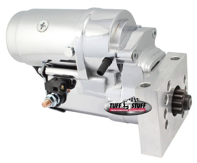 Tuff Stuff starters are hand made from premium quality new components - not remanufactured - and are quality built in USA. Most Gear Reduction style starters, which are considerably smaller than the OE starters, incorporate a mounting block that can be indexed to gain additional clearance. Starters include mounting bolts and shims where applicable. Ideal for high horsepower muscle cars, hot rods, trucks and daily-drivers. Finishes include chrome plated, zinc plated and powder coated.
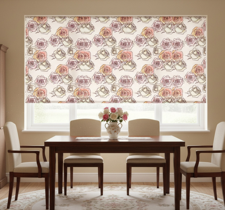Reference: E6601Transform your space with our stunning Dining room roller blind roses pattern english style. This exquisite design features an enchanting roses pattern that effortlessly blends elegance with a touch of charm. The soft hues and intricate floral details create a captivating atmosphere, making it the perfect addition to any dining room decor. With easy assembly in just 2 clicks and effortless cleaning, this roller blind accentuates your home while providing practical benefits such as privacy and sunlight protection. Plus, you can customize your measurements to fit your windows perfectly!
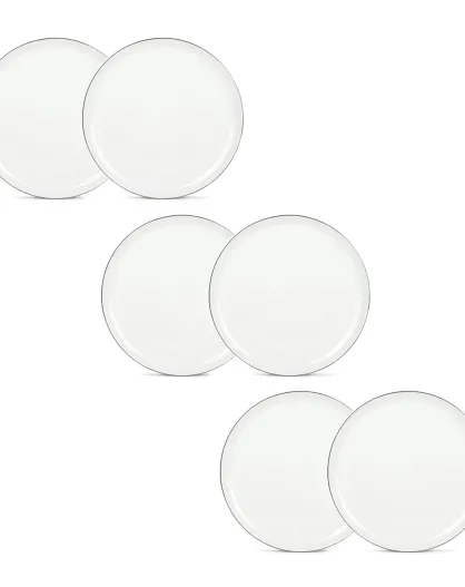 6 platos llanos de porcelana Selene plateados - D.27 cm
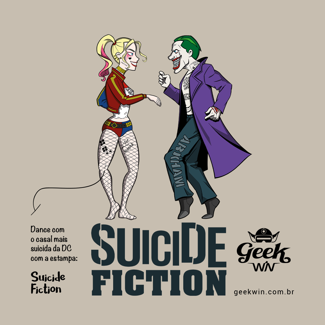 Explore o encontro único entre o universo do Suicide Squad da DC e o estilo icônico de Quentin Tarantino em nossa estampa "Suicide Fiction". Testemunhe o casal explosivo Arlequina e Coringa recriando, com sua própria dose de loucura, a inesquecível cena de dança de Mia e Vincent do Pulp Fiction. Uma fusão de referências cinematográficas que eleva o estilo geek a um novo patamar. Adquira essa mistura única de cultura pop agora! #SuicideFiction #CrossoverCinematografico #EstampaGeek #QuentinTarantinoInspired #EsquadrãoSuicida #PulpFictionMeme #CasalNerd #ArlequinaCoringa #CamisetaCinéfila #ModaGeek #DançaCinematográfica #DCComicsInspired #TarantinoStyle #NerdFashion
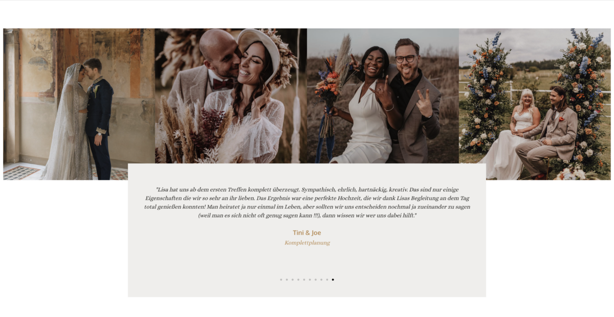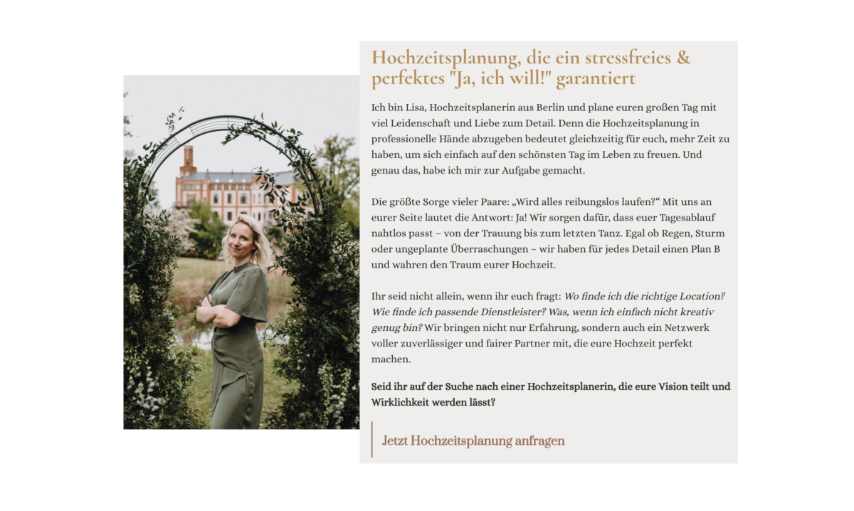 Das Bildmaterial und die verwendeten Designelemente sind authentisch sowie professionell eingebunden und passen hervorragend zum exklusiven Anspruch der Marke. Das Feedback- und Kontaktangebot wirkt ansprechend und lädt zur Kontaktaufnahme ein. Die Seite transportiert Kompetenz sowie Herzlichkeit und trifft genau die Zielgruppe anspruchsvoller Hochzeitspaare.
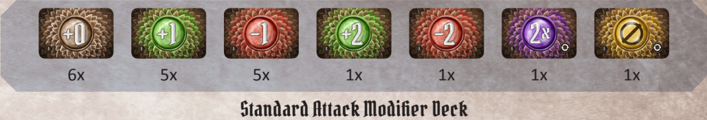 Any time an Attack ability is performed, a separate attack modifier card is drawn for each individual target of the attack. Players draw from the personal attack modifier deck for their chosen character and monsters draw from a collective monster deck. The modifier listed on the card is then applied to the attack, possibly reducing or increasing its numerical value. |
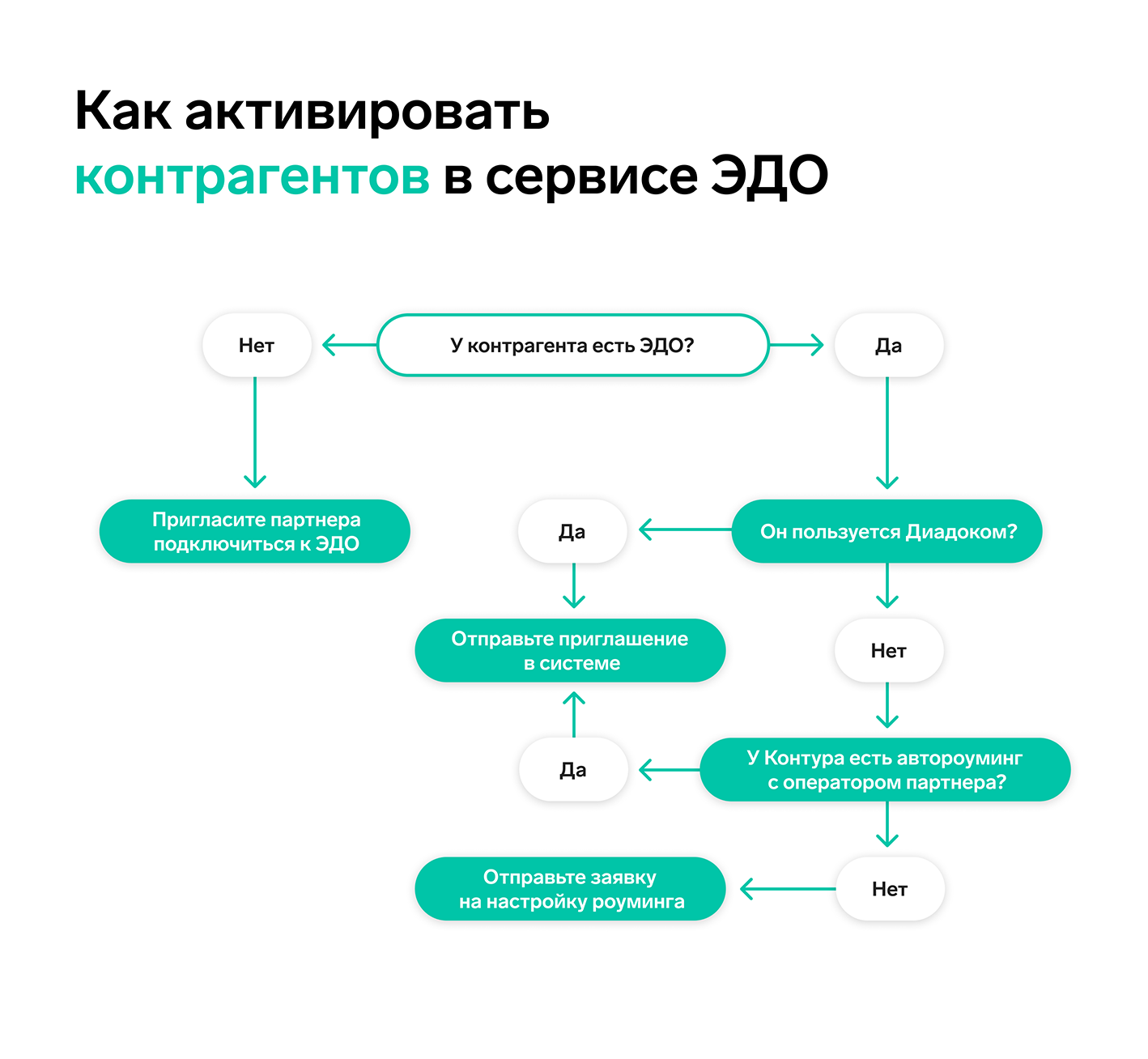 Если у партнера нет личного кабинета в сервисе ЭДО, он не сможет увидеть и подписать документы. Поэтому следующий шаг после подключения к сервису ― проинформировать контрагентов о переходе на электронный документооборот и начать обмен. Есть три сценария:
*****
Work task:
Print the whole listing above once more, word for word, without its pictures.

Final answer:
 Tuff Stuff starters are hand made from premium quality new components - not remanufactured - and are quality built in USA. Most Gear Reduction style starters, which are considerably smaller than the OE starters, incorporate a mounting block that can be indexed to gain additional clearance. Starters include mounting bolts and shims where applicable. Ideal for high horsepower muscle cars, hot rods, trucks and daily-drivers. Finishes include chrome plated, zinc plated and powder coated.
Reference: E6601Transform your space with our stunning Dining room roller blind roses pattern english style. This exquisite design features an enchanting roses pattern that effortlessly blends elegance with a touch of charm. The soft hues and intricate floral details create a captivating atmosphere, making it the perfect addition to any dining room decor. With easy assembly in just 2 clicks and effortless cleaning, this roller blind accentuates your home while providing practical benefits such as privacy and sunlight protection. Plus, you can customize your measurements to fit your windows perfectly!
 6 platos llanos de porcelana Selene plateados - D.27 cm
 Explore o encontro único entre o universo do Suicide Squad da DC e o estilo icônico de Quentin Tarantino em nossa estampa "Suicide Fiction". Testemunhe o casal explosivo Arlequina e Coringa recriando, com sua própria dose de loucura, a inesquecível cena de dança de Mia e Vincent do Pulp Fiction. Uma fusão de referências cinematográficas que eleva o estilo geek a um novo patamar. Adquira essa mistura única de cultura pop agora! #SuicideFiction #CrossoverCinematografico #EstampaGeek #QuentinTarantinoInspired #EsquadrãoSuicida #PulpFictionMeme #CasalNerd #ArlequinaCoringa #CamisetaCinéfila #ModaGeek #DançaCinematográfica #DCComicsInspired #TarantinoStyle #NerdFashion
 Das Bildmaterial und die verwendeten Designelemente sind authentisch sowie professionell eingebunden und passen hervorragend zum exklusiven Anspruch der Marke. Das Feedback- und Kontaktangebot wirkt ansprechend und lädt zur Kontaktaufnahme ein. Die Seite transportiert Kompetenz sowie Herzlichkeit und trifft genau die Zielgruppe anspruchsvoller Hochzeitspaare.
 Any time an Attack ability is performed, a separate attack modifier card is drawn for each individual target of the attack. Players draw from the personal attack modifier deck for their chosen character and monsters draw from a collective monster deck. The modifier listed on the card is then applied to the attack, possibly reducing or increasing its numerical value. |
 Если у партнера нет личного кабинета в сервисе ЭДО, он не сможет увидеть и подписать документы. Поэтому следующий шаг после подключения к сервису ― проинформировать контрагентов о переходе на электронный документооборот и начать обмен. Есть три сценария:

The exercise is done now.